= Cake theory =

Chinese political metaphor

Cake theory (蛋糕论 (蛋糕論, dàngāo lùn)) is a metaphor about economic development and the redistribution of wealth in the political discourse of China. It emerged in 2010 as problems with an increased wealth gap became gradually more apparent. If economic development is seen as analogous to baking a cake, one side of the debate suggests that development should focus on "dividing the cake more fairly (fair cake-cutting)", while the other says development should be focused on "baking a bigger cake (growing the pie)".

==Synopsis==
Thirty years of economic growth in China has resulted in higher standards of living and a substantial growth in national income, but also led to a widening wealth gap and associated social problems. Conflicts are emerging between the haves and have-nots of society. The nouveau riche are seen as variously the beneficiaries of their hard work and enterprising character under the new market economy, or as cheaters of the system and inheritors of unfair privilege. At the third session of the 11th National People's Congress, then-Premier Wen Jiabao remarked that "we must develop our economy to make the cake that is prosperity bigger, but also use a reasonable system to distribute the cake fairly."

To deal with the increasingly sharp conflicts between different interest groups, the Chinese Communist Party was said to have split ideologically over the "cake issue". On one side, orthodox communists suggest that the solution is to focus on distributing the wealth while pursuing higher growth ("dividing the cake"), while reformers and liberals suggest that the solution is to pursue continued growth and worry about dividing the wealth once the material wealth threshold is reached ("baking a bigger cake").

The ideological cleavage surfaced publicly in a war of words in late 2011, when then-Chinese Communist Party Committee Secretary for Guangdong province Wang Yang stated that "one must bake a bigger cake first before dividing it." Wang said that "continued economic development" must take precedence over all other tasks.
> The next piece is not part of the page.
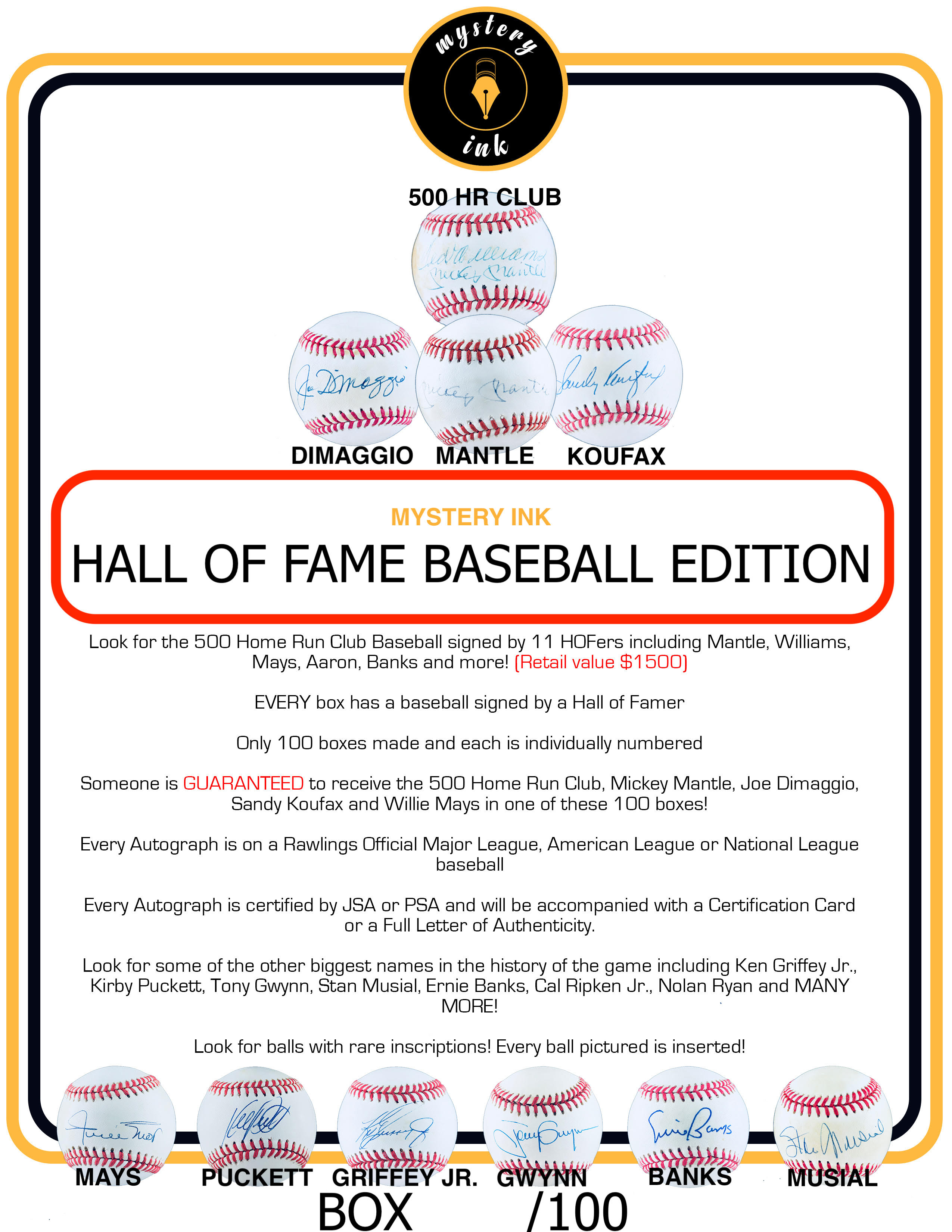 EVERY box has a baseball signed by a Hall of Famer

In response, then-CCP Committee Secretary for Chongqing Bo Xilai remarked, "Some people think [...] that one must bake a large cake before dividing it; but this is wrong in practice. Because if the distribution of the cake is unfair, those who make the cake won't feel motivated to bake it; therefore we can't bake a bigger cake."

The egalitarian "divide-the-cake" approach was an important component of the Chongqing model advanced by politician Bo Xilai. Bo gave residency status to numerous migrant workers in the city, so that they could enjoy the same rights and privileges given to urban residents, such as health care and education. While the "Chongqing Model" won significant accolades from some of China's top leaders, critics remarked that it ultimately became too dependent on the personality of Bo Xilai himself, and thus the expansion of the model to other areas of the country would be difficult.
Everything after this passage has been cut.